● **Work request**
An exact restatement of the data below, with the pictures removed, is the required answer.

● **Records provided**
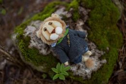Это уникальное рукодельное изделие представляет собой мягкую игрушку в виде кота, удобно расположившуюся на покрытом мхом камне. Особое внимание привлекает его...
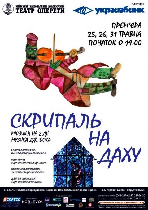В традиционной культуре музыкант-скрипач сопровождает все этапы жизни еврейской семьи. Он стал символом жизненного уклада, знаковым образом сочетания устойчивости и свободы. Мюзикл «Скрипач на крыше» Национальной оперетты Украины - попытка современного отображения сложного сочетания разногласий жизни. Философская и лирическая постановка, где в сценической реальности актерского бытия играют музыка, цвет и безграничные чувства.
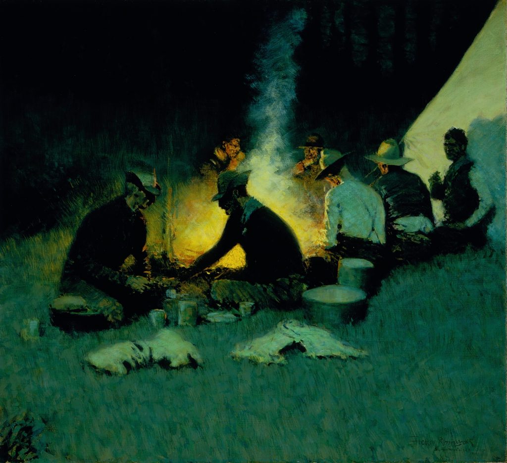 Frederic Remington, Hunters’ Supper, 1909, oil on canvas, 27” x 30”. Image courtesy of National Cowboy & Western Heritage Museum
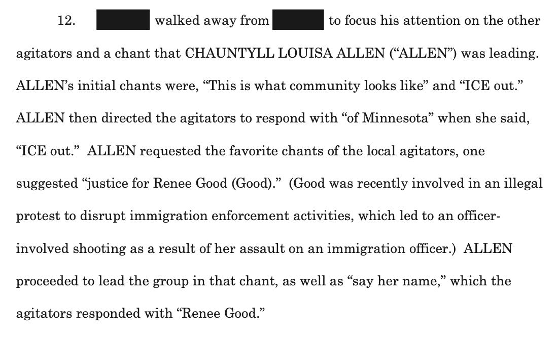 As the affidavit continues, Gerber’s claims veer further and further from constituting any sort of professional assessment. Here is how Gerber disgustingly described the killing of Renee Good by an ICE agent in a section in which Allen was discussing what chants the group preferred:
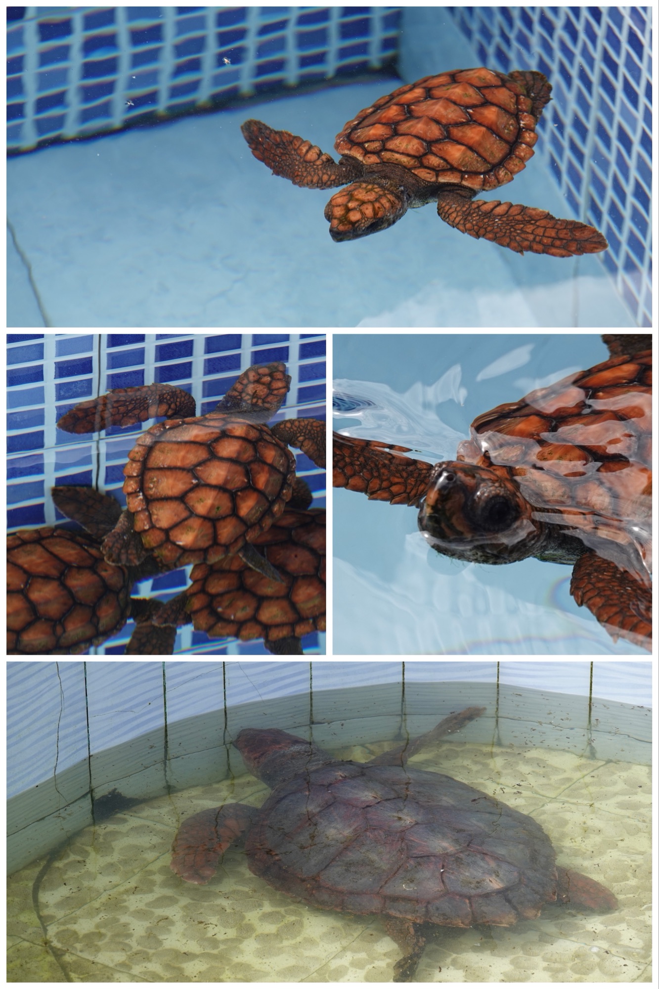Green turtles are indigenous here but endangered, and protected. The two large turtles at the facility were about 26 years old; they’d been injured (likely caught in fishing nets, since fishing is the main industry here) and were recuperating. We were also told that dogs are a problem; people abandon their animals, which then end up foraging on the beaches. The wee turtles that we were allowed to hold were only 6 months old, and almost ready to be released back into the ocean.
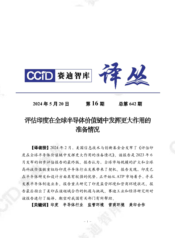 【美国信息技术与创新基金会】【20240520】评估印度在全球半导体价值链中发挥更大作用的准备情况-28页
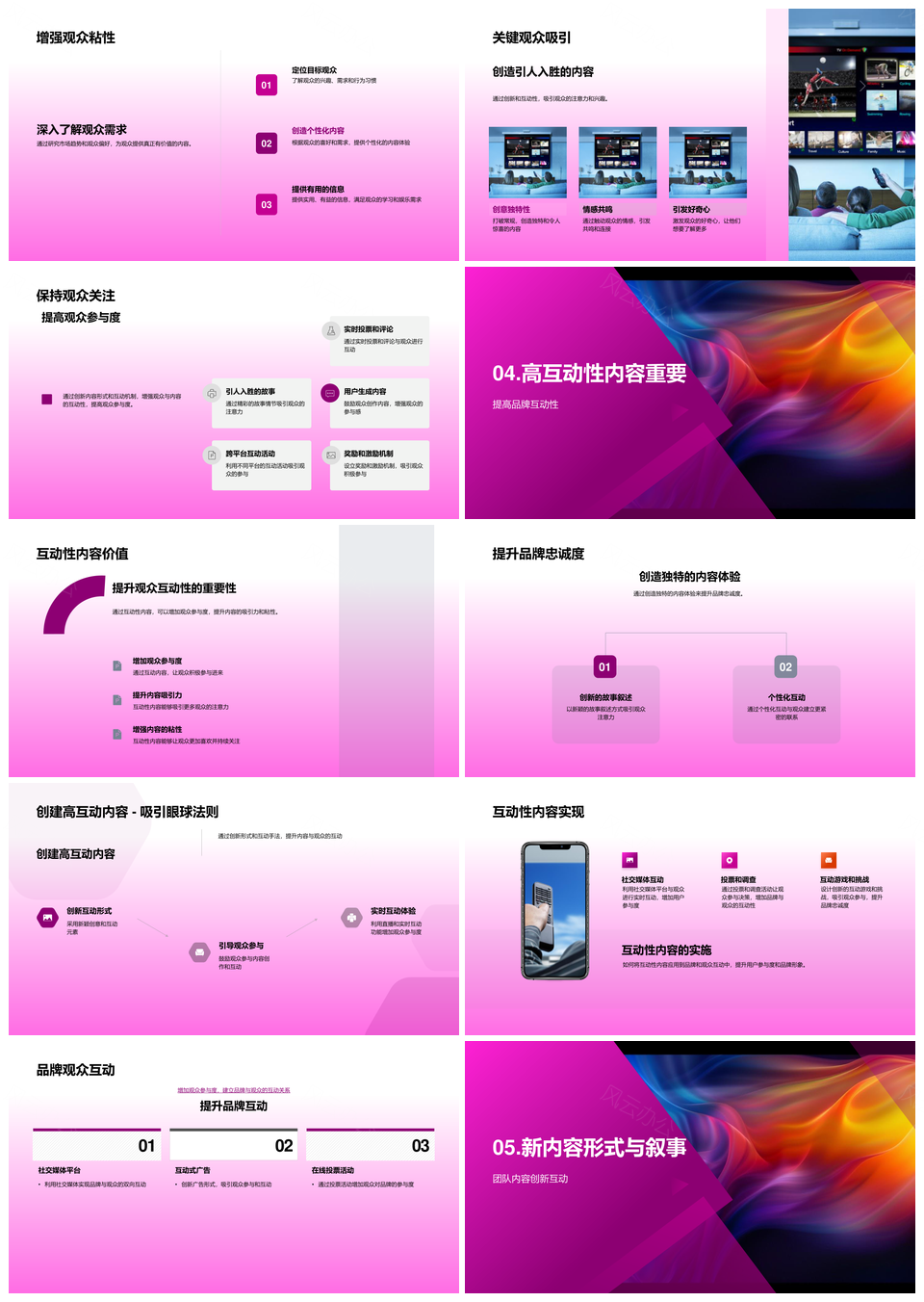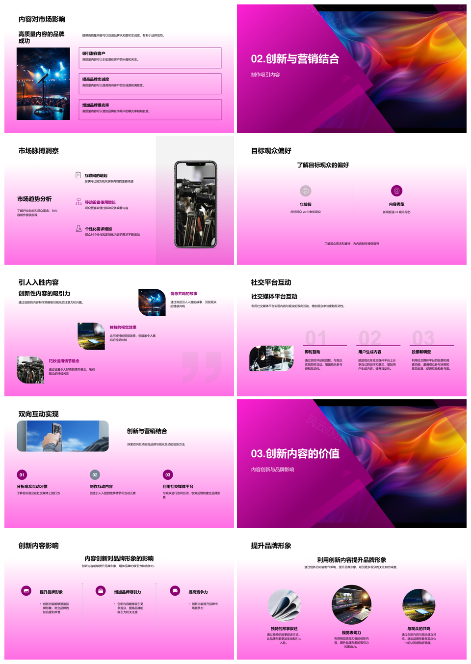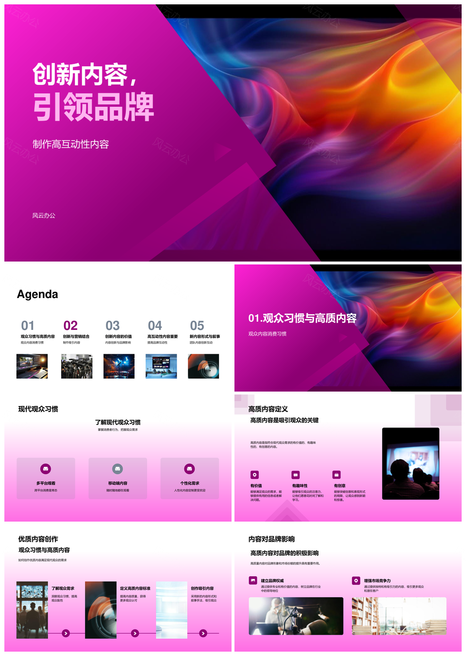 风云办公提供的创新高互动内容引领品牌活力趋势PPT模板,下载格式为pptx,一共33页,作品中文字及图均可以修改和编辑,图片更改请在作品中右键图片并更换,文字修改请直接点击文字进行修改。
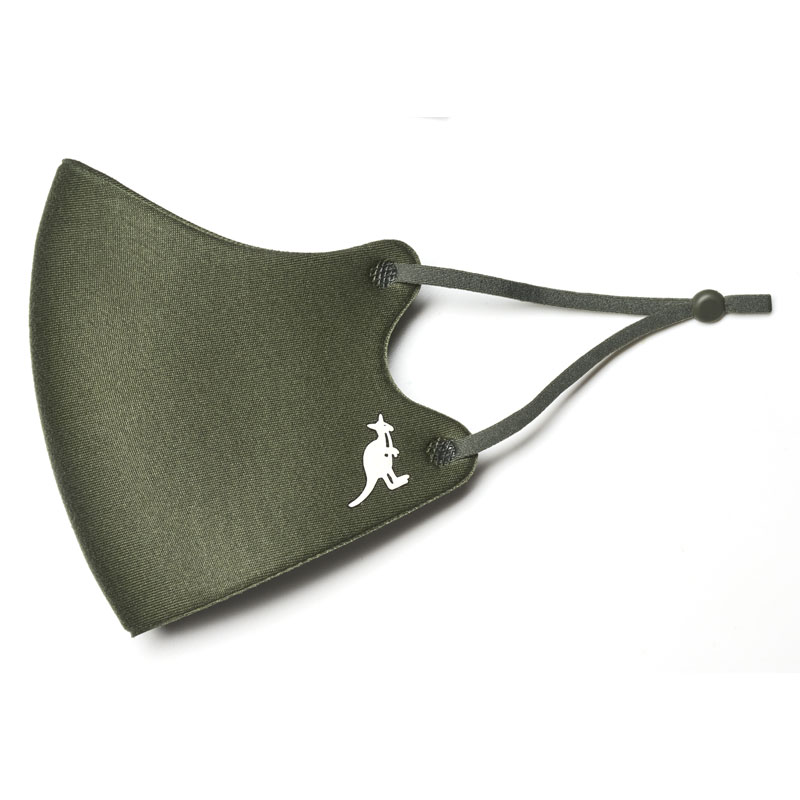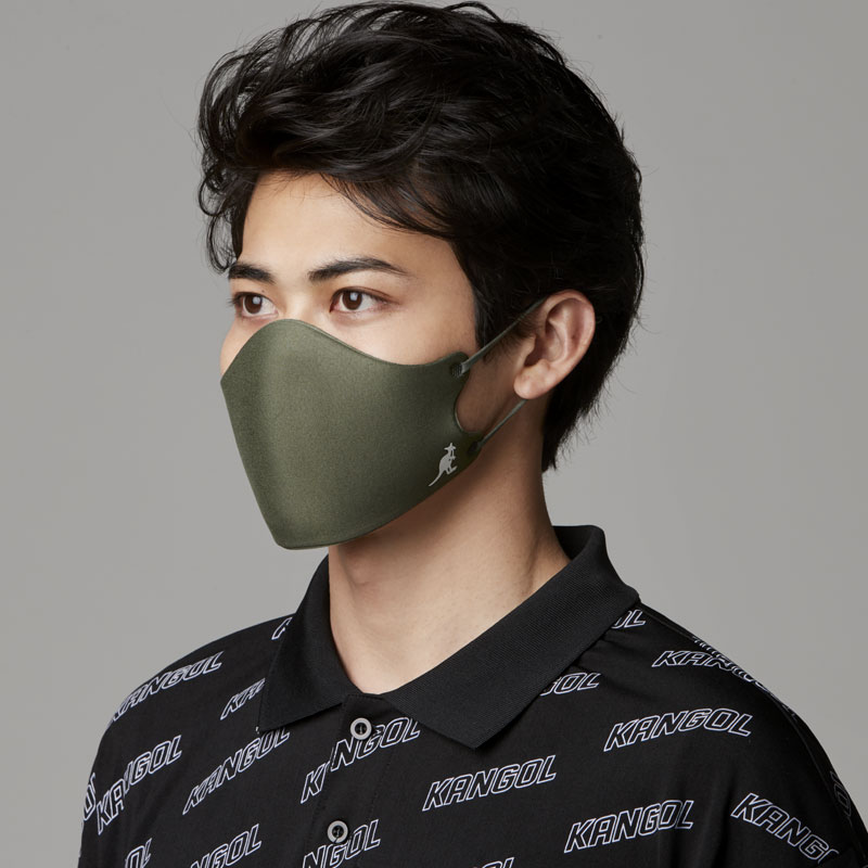 マスクのサイドには、カンゴールのシンボルロゴとレタードロゴをさりげなくプリント。

● **Solution to the exercise**
Это уникальное рукодельное изделие представляет собой мягкую игрушку в виде кота, удобно расположившуюся на покрытом мхом камне. Особое внимание привлекает его...
В традиционной культуре музыкант-скрипач сопровождает все этапы жизни еврейской семьи. Он стал символом жизненного уклада, знаковым образом сочетания устойчивости и свободы. Мюзикл «Скрипач на крыше» Национальной оперетты Украины - попытка современного отображения сложного сочетания разногласий жизни. Философская и лирическая постановка, где в сценической реальности актерского бытия играют музыка, цвет и безграничные чувства.
 Frederic Remington, Hunters’ Supper, 1909, oil on canvas, 27” x 30”. Image courtesy of National Cowboy & Western Heritage Museum
 As the affidavit continues, Gerber’s claims veer further and further from constituting any sort of professional assessment. Here is how Gerber disgustingly described the killing of Renee Good by an ICE agent in a section in which Allen was discussing what chants the group preferred:
Green turtles are indigenous here but endangered, and protected. The two large turtles at the facility were about 26 years old; they’d been injured (likely caught in fishing nets, since fishing is the main industry here) and were recuperating. We were also told that dogs are a problem; people abandon their animals, which then end up foraging on the beaches. The wee turtles that we were allowed to hold were only 6 months old, and almost ready to be released back into the ocean.
 【美国信息技术与创新基金会】【20240520】评估印度在全球半导体价值链中发挥更大作用的准备情况-28页
 风云办公提供的创新高互动内容引领品牌活力趋势PPT模板,下载格式为pptx,一共33页,作品中文字及图均可以修改和编辑,图片更改请在作品中右键图片并更换,文字修改请直接点击文字进行修改。
 マスクのサイドには、カンゴールのシンボルロゴとレタードロゴをさりげなくプリント。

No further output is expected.